Computer-Assisted Retrosynthesis Based on Molecular Similarity

Abstract

We demonstrate molecular similarity to be a surprisingly effective metric for proposing and ranking one-step retrosynthetic disconnections based on analogy to precedent reactions. The developed approach mimics the retrosynthetic strategy defined implicitly by a corpus of known reactions without the need to encode any chemical knowledge. Using 40 000 reactions from the patent literature as a knowledge base, the recorded reactants are among the top 10 proposed precursors in 74.1% of 5000 test reactions, providing strong quantitative support for our methodology. Extension of the one-step strategy to multistep pathway planning is demonstrated and discussed for two exemplary drug products.

Figure 1

Six most-frequent precursors for the disconnection of a single bond between two aromatic carbons. Once a strategic disconnection is identified (SMARTS: [cH0]–[cH0]), there may still be dozens of locally plausible precursors to accomplish the transformation, including different combinations of halides and boronic acid/esters. (1) Bromide and acid; (2) bromide and ester; (3) chloride and acid; (4) iodide and acid; (5) chloride and ester; (6) iodide and ester.

Figure 2

Example prediction of retrosynthetic heteroatom alkylation/arylation reactions for 1-phenyl-3,4-dihydroquinolin-2(1H)-one.
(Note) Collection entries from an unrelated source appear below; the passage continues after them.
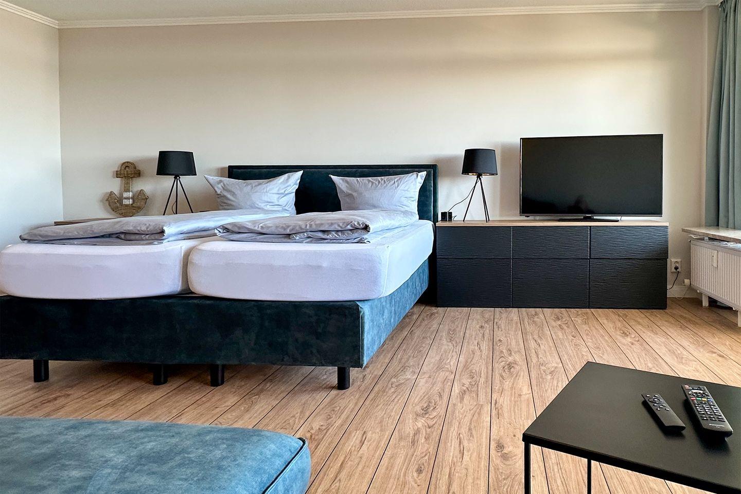 Panoramahaus Duhnen: Dieses geschmackvoll eingerichtete, große 1-Raum-Appartement mit Balkon und Meerblick in Richtung Nord-Ost direkt beim Dorfbrunnen im Herzen von Duhnen gelegen wurde im Frühjahr 2023 für Sie komplett renoviert.
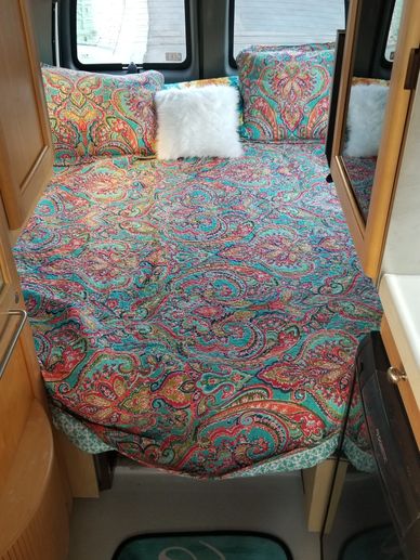 Queen-sized RV bed is approximately 71 inches wide, 74 inches long (on the left) and 80 inches long (on the right).
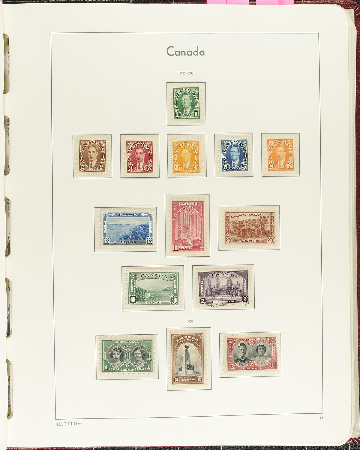 Collection of primarily mint Canada in a Lighthouse hingeless album, with slipcase, while the pages go back to 1851, the stamps start in 1897 and run to the 1970's. Contains a few hundred stamps beginning with a few Jubilees, Leafs, Numerals, Quebecs, and Edwards, with the majority of material starting with sets and partial sets of Admirals, Scrolls, Arch, Pictorials, War, and Peace issues. A spot check indicated primarily mint hinged material including a few never hinged, lightly hinged, and no gum stamps. A few of the stamps, sets, and partial sets catalogue in the $20 to $40 and up range. A few small faults with a few of the stamps, still a nice starter collection, in a lovely Lighthouse album. Estimate =
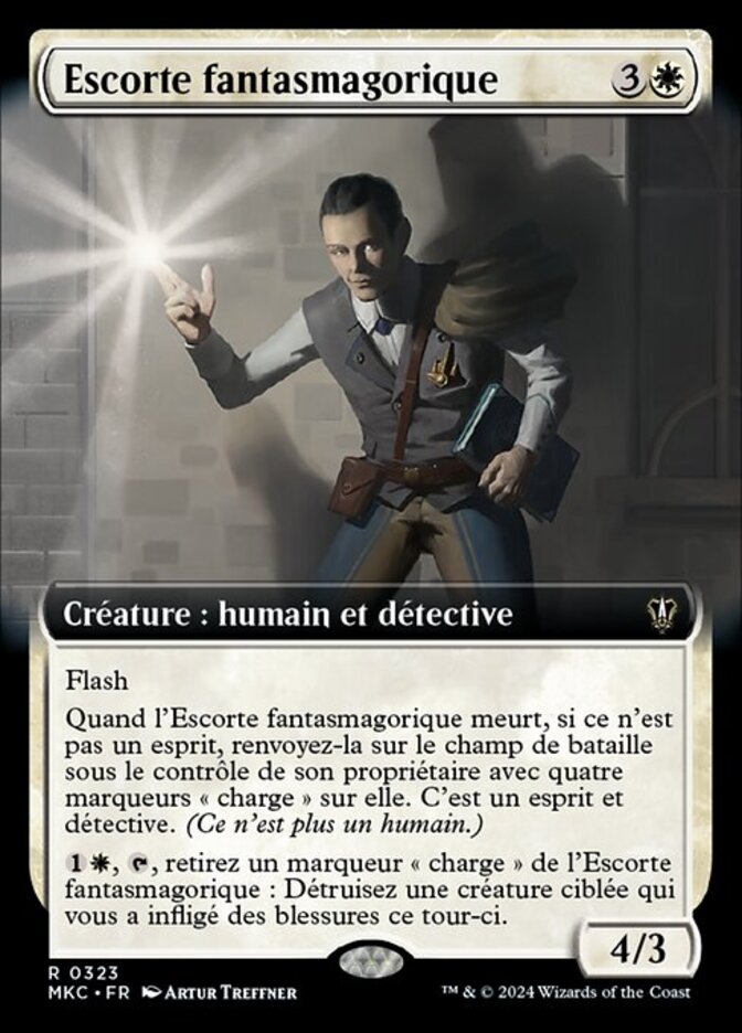 When Otherworldly Escort dies, if it's not a Spirit, return it to the battlefield under its owner's control with four charge counters on it. It's a Spirit Detective. (It's no longer a Human.)
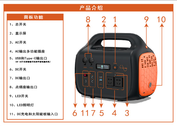 - הוא תומך בטעינה ופריקה בו זמנית. יש לו מגוון רחב של שימושים. זה יכול לשמש כספק UPS מקוון או כספק כוח חיצוני לגיבוי חירום. זה יכול לפגוש ציוד רפואי מקורה, מדפסות קטנות, מנורות שונות, מחממי מיכל דגים קטנים, מחברות וקמפינג בחוץ. הוא משמש כאשר נדרשים תאורה ואספקת חשמל באירועים כגון צילום, חירום שריפה, חילוץ חירום וסיוע באסון.
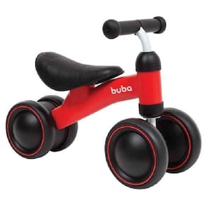 Bicicleta andador infantil 4 rodas sem pedal bike buba 10728 A bicicleta de equilíbrio buba 4 rodas para bebê e criança , estimula o equilíbrio e a coordenação motora do pequeno na fase de desenvolvimento, de forma divertida e segura. A criança aprende desde cedo a se equilibrar e a adquirir autoconfiança, facilitando a transição para a bicicleta com pedais. Além disso, a bicicleta de equilíbrio buba 4 rodas para bebê e criança é muito estável, pois possui rodas duplas na frente e atrás, com design diferenciado. Nada de pressão ou obrigação. Sozinha, a criança aprende a equilibrar-se na bicicleta sem pedais, com autonomia e muita diversão Desenvolve, naturalmente e a seu tempo, a coordenação motora, os reflexos e a lateralidade, por exemplo, que vão ajudar a adquirir equilíbrio, tanto estático quanto em movimento.
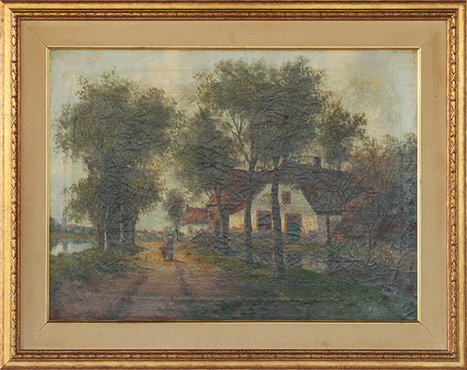 Village Landscape Scene Oil on Canvas, Early 20th Century, 28W x 22H - Cleared Art
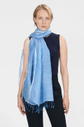 エピス春夏定番の『無地ストール』。素材は上質な麻100%、贅沢なサイズ感が、巻いた時にはほどよいボリューム感と美しいドレープを作り、華やかさを演出します。「先染め」した異なる2色の糸を織っているため、奥行き感のあるシャンブレー風の色合いが魅力です。糸の一色に白が使われることが多く、淡色との組合せだと軽くて涼しげな風合いになり、濃色だと重くなりすぎない抜け感のある印象になるのが特徴です。
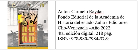 El libro Casas del Sol de Carmelo Raydan es una investigación sobre la evolución arquitectónica de la vivienda urbana tradicional del estado Zulia. Para este estudio se consideraron los factores, regionales, nacionales y foráneos, de índole cultural, ambiental, económicos y políticos, que incidieron determinantemente sobre las continuas transformaciones de las viviendas zulianas. El trabajo abarca cronológicamente desde los tiempos previos a la conquista española, la segunda mitad del siglo XV, hasta la década de 1940, cuando debido a los cambios que generó en la sociedad venezolana la explotación petrolera y nuestra condición de país dependiente dentro del sistema capitalista mundial, se dejan de edificar.
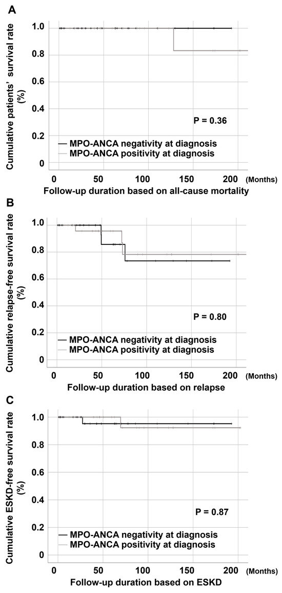 Continuous variables are reported as median (Q1–Q3 range), and categorical variables are reported as number (%). The normality of continuous variables was assessed using the Shapiro–Wilk test. For comparison between the MPO-ANCA-positive and -negative groups, the Mann–Whitney U test was used for continuous variables, while the chi-square test or Fisher’s exact test was used for categorical variables. The cumulative, relapse-free, ESKD-free, CVA-free, and ACS-free survival rates were analysed using Kaplan–Meier analysis. The log-rank test was employed to compare survival rates between the groups. A p-value of <0.05 was considered statistically significant. All analyses were conducted using SPSS software (version 28.0; IBM Corporation, Armonk, NY, USA).

After recalling up to 20 reaction precedents in order of decreasing product similarity, the precedent reaction site (highlighted in red and displayed as a SMARTS string) is extracted and matched against the target compound. Of the precedent reactions with the most similar products, not all involve a reaction site that matches the target compound and thus not all produce candidate precursors. Aside from the first reaction, precedents with inapplicable reaction sites are not shown for brevity. The recorded reactants for this target compound (highlighted inside a green box) are recovered and predicted with rank 2; however, all of the top five precursor suggestions are chemically reasonable. Similarity scores are shown using Morgan2noFeat and Tanimoto (see the section on Similarity Calculation).

Figure 3

Example similarity score calculation using Morgan2Feat fingerprints and the Tanimoto metric. Colors indicate atom-level contributions to the overall similarity (green: increases similarity score, red: decreases similarity score, uncolored: has no effect).

Figure 4

Example retrosynthetic predictions when pooling all reaction classes. The model successfully proposes the recorded reactants with rank 1, corresponding to an aldol condensation. Other suggestions among the top nine include three ring-closing amidations to build the five-membered ring, two S_NAr reactions to install cyclopropamine, and three amine deprotections.

Figure 5

Multistep synthesis plans. Routes are constructed by recursively applying the one-step retrosynthetic methodology to (a) lenalidomide and (b) salmeterol. The suggested disconnections are consistent with published pathways, highlighted with green and blue backgrounds for lendalidomide and salmeterol, respectively.⁻ Slight differences are described in the main text.